/cocotbext-spi

Protocol test extension for testing spi in cocotb

Primary LanguagePythonBSD 2-Clause "Simplified" LicenseBSD-2-Clause

cocotbext-spi

Protocol test extension for testing spi in cocotb

install

To use this module the easyiest way is to

  • clone the repository :
$ git clone https://github.com/Martoni/cocotbext-spi.git
  • Then install it with pip (tested with python 3.7):
$ python -m pip install -e cocotbext-spi/

With this method if cocotbext-spi code is modified, modification will be taken into account in your testbench directly. Without having to re-install module.

How to use it

Simply include the module in your testbench :

from cocotbext.spi import *

cocotbext-spi module include Master side test. The module SPIModule() is seen as a SPI master and dut SPI interface as a slave.

Master

cocotbext-spi is composed of two classes :

  • SPIConfig(): to describe configuration
  • SPIModule(): the test module inherit from Driver and Monitor.

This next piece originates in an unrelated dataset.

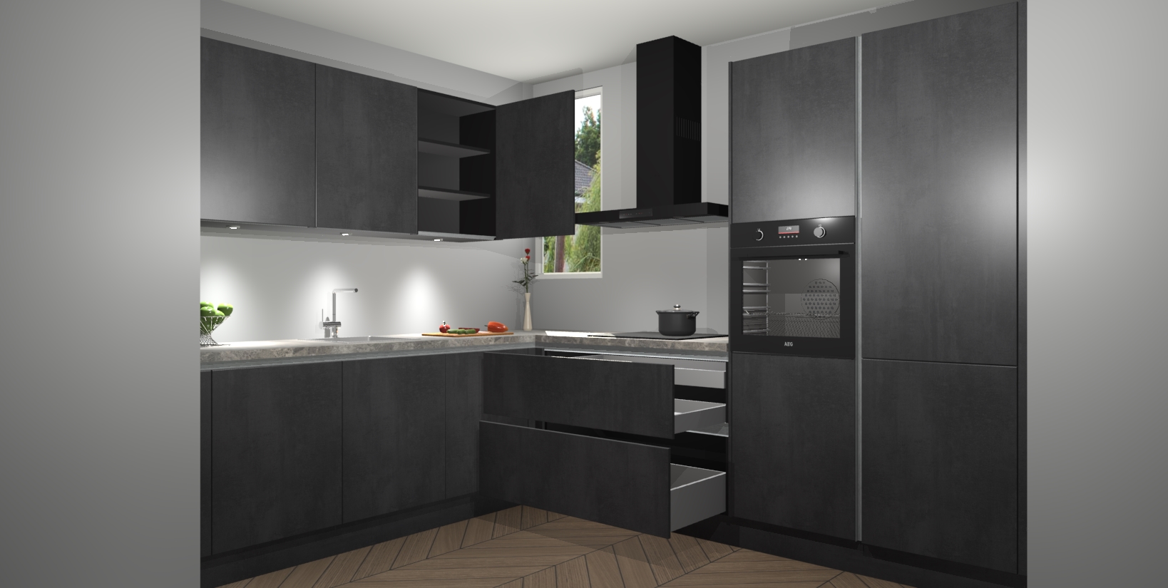 De ruime opbergruimte van dit model maakt het bereiden van voedsel en het gebruik van apparaten snel en gemakkelijk. Het beste van alles is dat het wordt geleverd met vijf inbouwapparaten: een oven, inductiekookplaat, afzuigkap, vaatwasser en koelkast - die allemaal gemakkelijk kunnen worden opgewaardeerd naar AEG na aankoop. Wat de gemaksfactor nog groter maakt, is het feit dat alle cabines voorgemonteerd worden geleverd, zodat u er meteen mee aan de slag kunt!

And one Tuple for signals :

  • SPISignals : used to give dut signals names.

Three steps should be done in initialization of your testbench (often in __init__() function of your testbench).

  1. Define dut pinout, filling the tuple :
spi_sigs = SPISignals(miso=dut.miso,
                      mosi=dut.mosi,
                      sclk=dut.sclk,
                      cs=dut.csn)
  1. Set configuration with class SPIConfig:
self.spi_config = SPIConfig(cpol=False,
                            cpha=True,
                            baudrate=(1, "us"),
                            csphase=False)
  1. Then instantiate the SPIModule:
self.clock = cocotb.Clock(dut.clock, 10, units="ns")
self.spimod = SPIModule(self.spi_config, spi_sigs, self.clock)

In your reset procedure/function, init SPI signals with method sig_init() without yield.

Once the bench started, a monitor will read permanently the two signals mosi and miso and register values read.

Mosi is written with method send(byte) 8 bits by 8 bits. And chip select signal must be toggled manually with set_cs(True/False). For example to do a 16bits data write with 7 bits addr + 1 bit R/W like for Spi2Wb components we will do :

self.spimod.set_cs(True) # enable chip select
yield sclk_per
yield self.spimod.send(0x80|addr) # send 8 bits data 
yield self.spimod.send((value >> 8)&0x00FF) # value is 16bits then we
yield self.spimod.send(value&0x00FF)        # send it in two steps
yield sclk_per
self.spimod.set_cs(False) # disable chip select

For reading, we have to wait for monitor to receive values with :

ret = yield self.spimod.wait_for_recv(1) # waiting for receive value

The return value is a dict of bitstring with mosi and miso value read in the chip select interval :

values_recv = {"miso": miso, "mosi": mosi}

A usage example can be seen for testbench part of project Spi2Wb.

Slave

To be implemented